I guess, what I’m saying is, I miss you. Yeah, you. We’ve probably never met, but for 90 minutes on a Saturday afternoon or a Tuesday evening, I can’t wait to spend my time with you.

It’s because of your passion, your singing, your cheering, your hilarity, your nonsense, your seething indignation, your hope, your disappointment, your joy and your sardonic moans at the Beech Path announcement.

That is what elevates football beyond the pure mechanics of a talented FA Cup winner hitting the top bins in the 87th minute.

With virtually no-one there to see it, I’m with McManaman – it just didn’t feel as good.

The Swansea stayaway

I won’t be going to Swansea today. In a pros and cons list, I can’t lie and say the mammoth trek for an early kick-off and the prospect of a ghost game didn’t loiter in the latter column. But the truth is, I feel uneasy about travelling to Wales, when it is under more stringent – and I would argue better – lockdown regulations than England.

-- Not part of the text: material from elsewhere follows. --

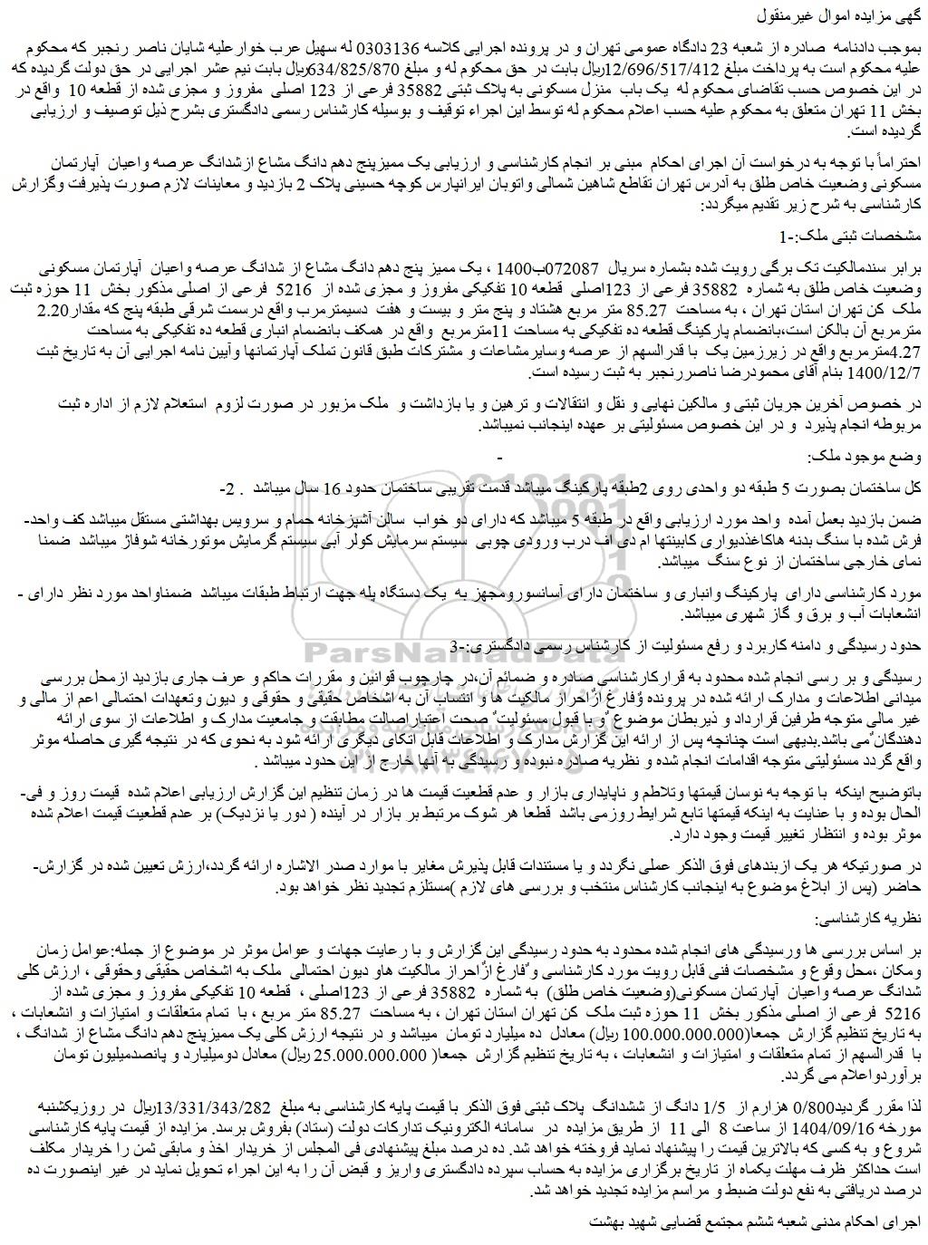 بموجب دادنامه صادره از شعبه 23 دادگاه عمومی تهران و در پرونده اجرایی کلاسه 0303136 له سهیل عرب خوارعلیه شایان ناصر رنجبر که محکوم علیه محکوم است به پرداخت مبلغ 12/696/517/412ریال بابت در حق محکوم له و مبلغ 634/825/870ریال بابت نیم عشر اجرایی در حق دولت گردیده که در این خصوص حسب تقاضای محکوم له یک باب منزل مسکونی به پلاک ثبتی 35882 فرعی از 123 اصلی مفروز و مجزی شده از قطعه 10 واقع در بخش 11 تهران متعلق به محکوم علیه حسب اعلام محکوم له توسط این اجراء توقیف و بوسیله کارشناس رسمی دادگستری بشرح ذیل توصیف و ارزیابی گردیده است.

It’s a personal decision, but it doesn’t sit right that I’d be allowed to cross the border and drive to the Liberty Stadium, when millions of Welsh men, women and children have not been permitted to travel more than five miles from their home, for months. If you’re not from Wales you can’t go there on holiday either.

So, instead, I’ll be hoping the football and internet gods can get iFollow to work so I can sample the strangeness on my laptop.